Einstein decía que los males del mundo no se
deben a los perversos sino a los que les consienten: mantener el peso de esa
idea en la consciencia de una manera prolongada es demasiado oneroso para el
equilibrio mental.
Jaime Richart
Tengo una economía holgada para mis necesidades mínimas, las precisas de un espíritu austero en un cuerpo que
goza de buena salud. Y esto me sucede en tiempos en que la desigualdad, que
siempre ha existido en todas partes, se hace mucho más lacerante en España por tres
causas especialmente: porque se ha conocido el bienestar para todos durante al
menos dos décadas, porque hace mucho que se esfumó el pretexto de que el mérito y el esfuerzo explican y justifican
la promoción social, y porque en fin la inteligencia crítica ha alcanzado un alto
nivel de desarrollo que le hace soportar pero no asumir que los opulentos lo
son, en la mayoría de los casos, por su habilidad para apropiarse de lo público. Entre otros motivos, porque si
el rico rindiera debidamente cuentas al Fisco no podría serlo hasta los extremos
conocidos...
Me gustaría tener una vida en plenitud en lo que me quede de
ella. Pero no puedo conseguirlo. Obvio los males de la humanidad, porque si
me afectasen anímicamente mucho tiempo me aplastarían. Por consiguiente los solapo
como buenamente puedo arrinconándolos en mi consciencia. Pero me es imposible
obviar los de mis compatriotas. Son tantos y tan cercanos los y las que
malviven sin que los poderes del Estado les evite el sufrimiento, que la
capacidad que aún me queda para gozar de la vida está bloqueada por una mezcla de
tristeza y de sublevación tanto interior como externa: dos sentimientos contrapuestos que a
veces me estallan en el pecho. No otra cosa provoca la desmedida ambición y el egoísmo extremo de los potentados,
de los opulentos, de los malhechores públicos y de los consentidores.
Aunque también me llegan de manera punzante cuando quienes forman parte de mi
relación y en lo más trivial de la conversación aflora la aridez de su alma en cuanto se
toca cualquier aspecto de la humanidad doliente o de nuestros más cercanos compatriotas
desheredados de la fortuna y sin esperanza alguna.
Einstein decía que los males del mundo no se
deben a los perversos sino a los que les consienten: mantener el peso de esa
idea en la consciencia de una manera prolongada es demasiado oneroso para el
equilibrio mental.

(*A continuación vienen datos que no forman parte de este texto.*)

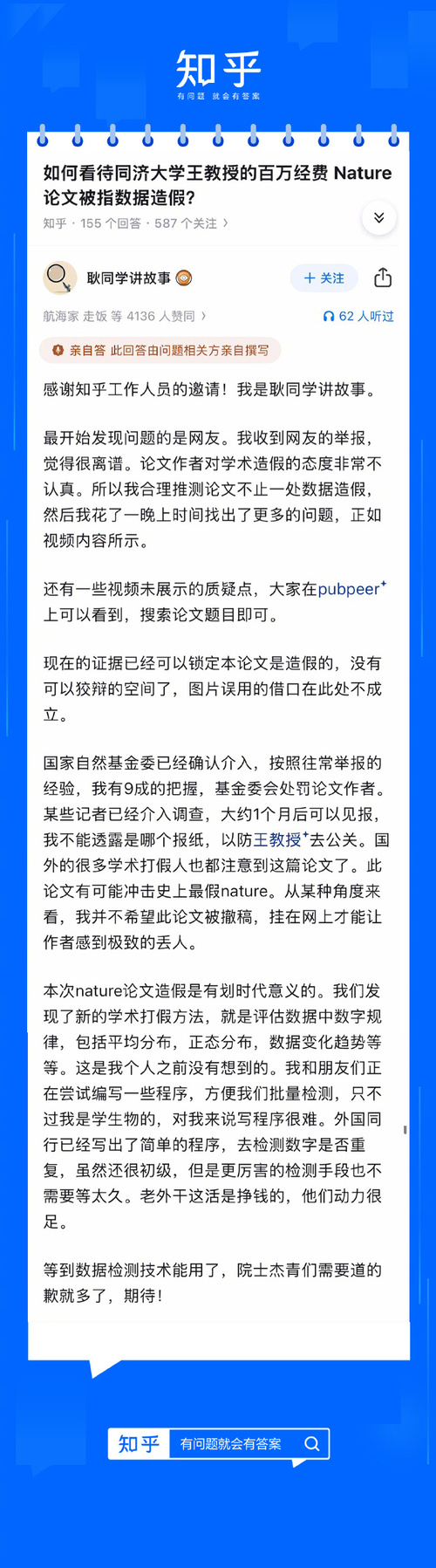 隨後,「耿同學講故事」在知乎發帖說,現在的證據已可以鎖定本論文造假,沒有狡辯空間,圖片誤用藉口不成立。國家自然基金委已確認介入,按照往常舉報經驗,有九成把握,基金委會處罰論文作者。

Pero es un principio rector tenerlo en cuenta en aquellas ocasiones que podamos impedir o
evitar el daño. Y con mayor motivo debiera serlo para quienes están al frente de responsabilidades públicas. Pero tampoco se puede
confundir la tolerancia que hacen noble a un individuo o a un pueblo, con el
consentimiento del abuso, de la opresión y de la abyección. Pues esta clase de
permisividad, emparentada con la abulia, con la pusilanimidad o con la cobardía es justo la actitud pasiva a
la que se refiere el genio cuando dice que el mayor daño viene de ahí. En todo caso lo pueblos más desarrollados no se
despreocupan de lo que aun no siendo propiamente suyo está ligado al bien de todos, y por
eso lo protegen de diversos modos. Y es que en una democracia verdadera toda
la ciudadanía se implica para preservar el sistema de convivencia en paz hasta en
la insignificancia.
Los individuos de una sociedad,
en los aspectos puramente biológicos forman como una familia de
puercoespines -dice Schopenhauer: deben estar lo suficientemente lejos para no
pincharse y lo suficientemente cerca para no pasar frío. Las ciudadanas y ciudadanos
de toda sociedad humana responsable saben combinar el respeto mutuo con el
deber de vigilar que la conducta de todos no entrañe peligro para la
colectividad. Claro que para concertarse la ciudadanía en esa tarea, antes debe
sentir ella misma el respeto de los poderes y de las instituciones del Estado,
y más antes todavía tener todas sus necesidades básicas cubiertas. Confiemos que
en España el nuevo impulso democrático llegue con la suficiente
fuerza como para que gobernantes y gobernados comprendan y asuman todo esto.